Well with this, if you “just terminate” you’re going to end up with a replay of several days blocks at start, which is still ugly, even if less bad via this.

Aside, actually if you actually shut off the computer any time during IBD you’ll likely completely corrupt the state and need to reindex because we don’t use fsync during IBD for performance reasons.

We really need to get background writing going, so that our writes are never more than (say) a week of blocktime behind… but that is a much bigger change, so I don’t suggest “just do that instead”, though it would make the change here completely unnecessary.
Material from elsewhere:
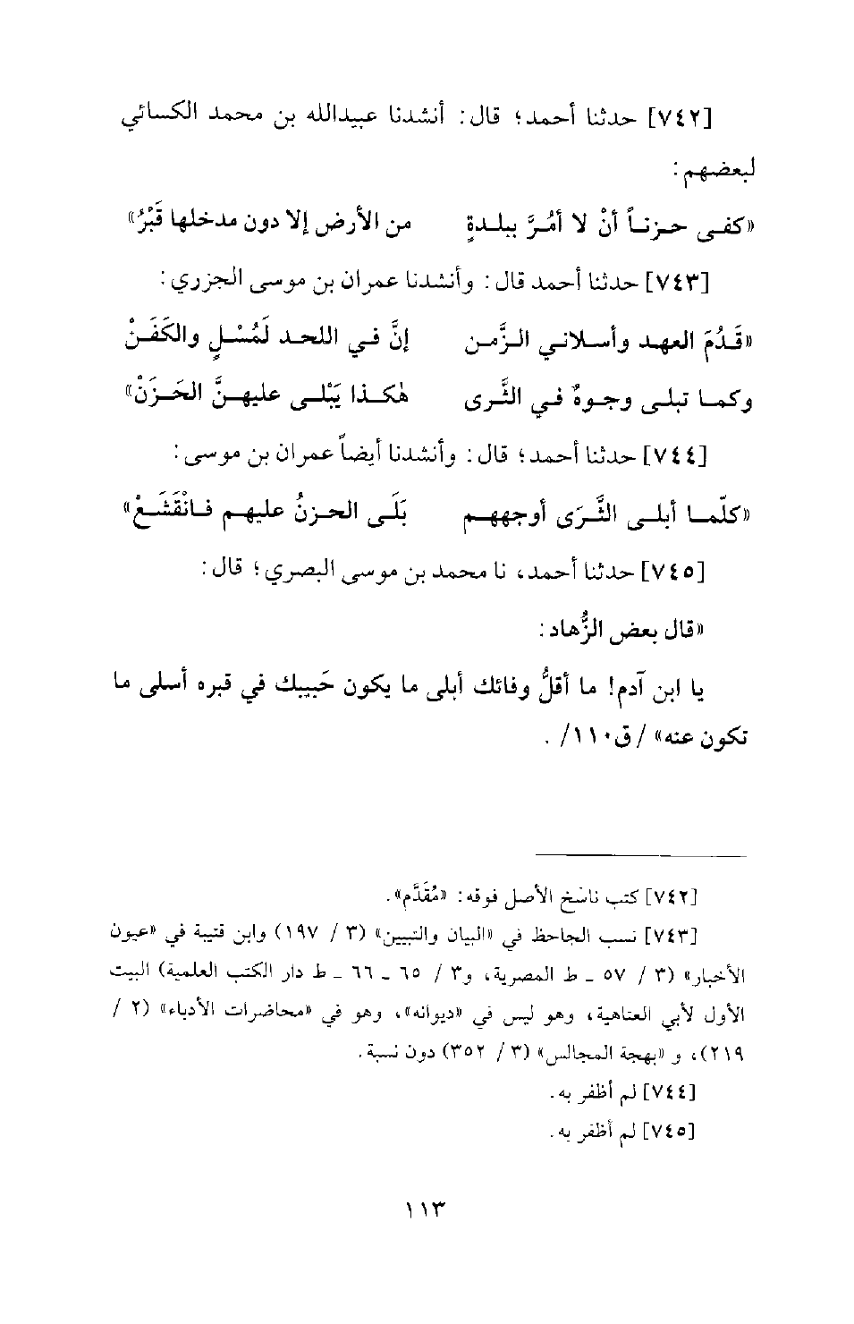 744 - حَدَّثَنَا أَحْمَدُ؛ قَالَ: وَأَنْشَدَنَا أَيْضًا عِمْرَانُ بْنُ مُوسَى:

Might it be better to trigger the flush the first time it goes 30 seconds without connecting a block and there are no queued transfers, from the scheduler thread?
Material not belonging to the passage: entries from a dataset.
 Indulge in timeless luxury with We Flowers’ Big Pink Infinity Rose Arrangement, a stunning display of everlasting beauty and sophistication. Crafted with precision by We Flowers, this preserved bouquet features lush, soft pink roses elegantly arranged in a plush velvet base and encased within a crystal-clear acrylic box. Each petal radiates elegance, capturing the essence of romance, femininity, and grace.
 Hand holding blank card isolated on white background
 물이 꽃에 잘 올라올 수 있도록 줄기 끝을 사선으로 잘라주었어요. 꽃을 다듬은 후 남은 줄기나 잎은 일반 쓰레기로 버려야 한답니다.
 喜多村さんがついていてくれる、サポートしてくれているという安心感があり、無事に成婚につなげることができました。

in test/functional/mempool_accept.py:61 in 4787054903 outdated

56@@ -57,6 +57,8 @@ def run_test(self):
57         self.log.info('Start with empty mempool, and 200 blocks')
58         self.mempool_size = 0
59         wait_until(lambda: node.getblockcount() == 200)
60+        # Generate 1 more block to exit IBD
61+        node.generate(1)

maflcko commented at 7:29 pm on January 24, 2019:

Seems unrelated to the changes?

andrewtoth commented at 1:44 am on January 25, 2019:

The test below that checks if a mined transaction can be added to the mempool will fail after this flush is triggered when a block is generated. It rejects the transaction with the missing-inputs message rather than the expected tx-already-known. By triggering the flush here the test passes.

andrewtoth commented at 2:22 am on January 25, 2019: contributor

@andrewtoth We already support this (better, I think) with the -stopatheight argument, no? @sdaftuar Ahh, I never considered using that for this purpose. Thanks! @gmaxwell It might still be ugly to have a replay of a few days, but much better than making everything unusable for hours.

There are comments from several people in this PR about adding background writing and writing dirty state to disk without wiping the cache. This change wouldn’t affect either of those improvements, and is an improvement by itself in the interim.

As for moving this to the scheduler thread, I think this is better since it happens in a place where periodic flushes are already expected Also, checking every 30 seconds for a new block wouldn’t work if for instance the network cuts out for a few minutes.

sipa commented at 2:36 am on January 25, 2019: member

@andrewtoth The problem is that right now, causing a flush when exiting IBD will (temporarily) kill your performance right before finishing the sync (because it leaves you with an empty cache). If instead it was a non-clearing flush, there would be no such downside.

sdaftuar commented at 6:56 pm on January 29, 2019: member

My experiment in #15265 has changed my view on this a bit – now I think that we might as well make a change like this for now, but should change the approach slightly to do something like @gmaxwell’s proposal so that we don’t trigger the flush before we are done syncing:

Might it be better to trigger the flush the first time it goes 30 seconds without connecting a block and there are no queued transfers, from the scheduler thread?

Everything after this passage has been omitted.